To avoid any learning bias, the sets were analyzed in random order at an interval of 4 wk in the following manner. For every set, primarily the PET images were analyzed with the corresponding morphologic dataset and every suggestive lesion was noted. The conspicuity of all lesions in the PET dataset was rated on a 4-point scale, with 0 indicating no uptake on PET (in the case of a PET-negative lesion); 1, low uptake (less than liver); 2, moderate uptake (comparable to liver); and 3, high uptake (more than liver). The anatomic delineation of every PET-positive lesion was scored on a 4-point scale, with 1 indicating no anatomic allocation possible; 2, questionable anatomic allocation; 3, good anatomic allocation without a clear morphologic correlate; and 4, excellent anatomic allocation with a clear morphologic correlate. The nature of every lesion based on its appearance on morphologic imaging and uptake on PET was rated on a 5-point scale, with 1 indicating definitely malignant; 2, probably malignant; 3, indeterminate; 4, probably benign; and 5, definitely benign. A maximum of 5 lesions per patient was analyzed to avoid bias from patients with a very high number of lesions. Follow-up examinations or clinical data served as a standard of reference.

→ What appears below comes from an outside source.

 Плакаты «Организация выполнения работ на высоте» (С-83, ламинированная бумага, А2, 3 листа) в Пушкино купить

Quantitative Comparison of SUVs
SUVs were analyzed as previously published (2). All 18F-FDG–positive lesions determined in the prior analysis and representative regions of normal bone were analyzed. For technical reasons concerning scanner software development and slight changes in the μ map, the SUVs of patients scanned before June 2011 were not directly comparable to those of patients scanned after this date. However, there is no subjective difference with regard to visual analysis. The following attenuation factors were implemented in the latest version: background, 0 cm−1; lung, 0.0224 cm−1; fat, 0.0854 cm−1; and soft tissue, 0.1000 cm−1. In consequence, SUV measurements were obtained for all (n = 84) patients whose scans were obtained since June 2011 (Table 1). To avoid overrating of individual patients, we limited the number of rated lesions to 5 per patient.

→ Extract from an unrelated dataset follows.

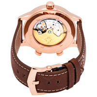 18kt rose gold case with a vintage brown (calfskin) leather strap. Fixed 18kt rose gold bezel. Brown sunburst dial with luminous rose gold hands and Arabic numeral hour markers. Local and home (dual time) indicators. Minute markers around the outer rim. Dial Type: Analog. Luminescent hands. Local date sub-dial at the 6 o'clock position. Patek Philippe calibre 324 S C FUS automatic movement, containing 29 Jewels, composed of 294 parts, bitting at 28800 vph, and has a power reserve of approximately 45 hours. Scratch resistant sapphire crystal. Transparent case back. Round case shape. Case size: 42 mm. Case thickness: 10.78 mm. Tang clasp. Water resistant at 60 meters / 200 feet. Functions: date, second time zone, hour, minute, second, local time, home time, day/night indicator. Calatrava Pilot Travel Time Series. Pilot watch style. Watch label: Swiss Made. Patek Philippe Calatrava Pilot Travel Time 18kt Rose Gold Automatic Men's Watch 5524R-001. INFORMATION Brand: Patek Philippe Series: Calatrava Pilot Travel Time Collection Name: Calatrava Pilot Travel Time Gender: Mens Model: 5524R-001 Watch Label: Swiss Made Movement: Automatic Engine: Patek Philippe Calibre 324 S C FUS Power Reserve: 45 hours CASE Case Size: 42 mm Case Thickness: 10.78 mm Case Material: 18kt Rose Gold Case Shape: Round Case Back: Transparent BAND Band Material: (Calfskin) Leather Band Type: Strap Band Color: Vintage Brown Clasp: Tang DIAL Dial Color: Brown Sunburst Type: Analog Crystal: Scratch Resistant Sapphire Hands: Luminous Rose Gold Dial Markers: Arabic Numeral Second Markers: Local and Home (Dual Time) Indicators. Minute Markers around the outer rim Sub Dials: Date Luminiscence: Hands Bezel: Fixed Bezel Material: 18kt Rose Gold FEATURES Water Resistance: 60 meters / 200 feet Calendar: Date display at the 6 o'clock position Functions: Date, Second Time Zone, Hour, Minute, Second, Local Time, Home Time, Day/Night Indicator Watch Features: Time Zone, Leather, Gold, Day/Night Indicator, Analog ADDITIONAL INFO Watch Style: Pilot Warranty: 2 Year Jomashop Warranty UPC Code: 842047146545 Jomashop Sku: PK-5524R-001 Department: Watches Category: Watches

For all 18F-FDG–positive lesions, 1 board-certified nuclear medicine physician placed regions of interest with an isocontour of 50% around the mean SUV (SUVmean) and maximum SUV (SUVmax) for PET/CT and PET/MR. The dedicated Syngo MMWP workstation allows visually controlled automatic coregistration of different datasets from 1 patient. In addition, a region of interest was placed on CT images and the mean Hounsfield unit was measured. Lesions on CT were categorized as lytic (<100 Hounsfield units), mixed (100–300 Hounsfield units), or sclerotic (>300 Hounsfield units).
For regions of normal (nonpathologic) bone, regions of interest in 3 consecutive anatomically corresponding central axial slices delineating the shape of the organ but not including edge pixels were drawn, and the SUVmean and SUVmax were noted. Depending on the scan range, which was covered both in PET/CT and PET/MR, the following regions were analyzed: pelvis, proximal femur, and humerus bilaterally; sacral bone; and cervical, thoracic, and lumbar spine.
Statistical Analysis
Statistical analysis was performed using the MedCalc 12.3.0.0 software package for Windows. P values of less than 0.05 were considered statistically significant. To analyze the diagnostic performance of both modalities, the detection rate was calculated on the basis of the total number of malignant lesions determined by the standard of reference. The Fisher exact test was used to analyze agreement on the number of detected lesions between PET/CT and PET/MR and the possible difference in assessing malignant lesions. For calculating correlations between the SUVs derived from PET/MR and PET/CT, the Spearman rank correlation coefficient was used. The overall statistical differences in measured SUVs were tested using the nonparametric Wilcoxon matched-pairs signed rank test. Because a high degree of correlation does not necessarily imply good agreement between the 2 measurements, a Bland–Altman plot was constructed to assess this agreement (17). A Bland–Altman plot displays the difference between the 2 measurements versus their average as a scatterplot, on which each point represents 1 measurement.
RESULTS
Visual Analysis
Lesion Detection, Location, and Delineation
Thirty-three of 119 patients showed conspicuous lesions, totaling 98. According to the standard of reference, 90 lesions were malignant and 8 were benign. All lesions were identified on PET/CT (set A) and on the T1-weighted TSE sequence for PET/MR (set C). The T1-weighted VIBE Dixon sequence for PET/MR (set B) missed 1 PET-negative malignant lesion in the ribs.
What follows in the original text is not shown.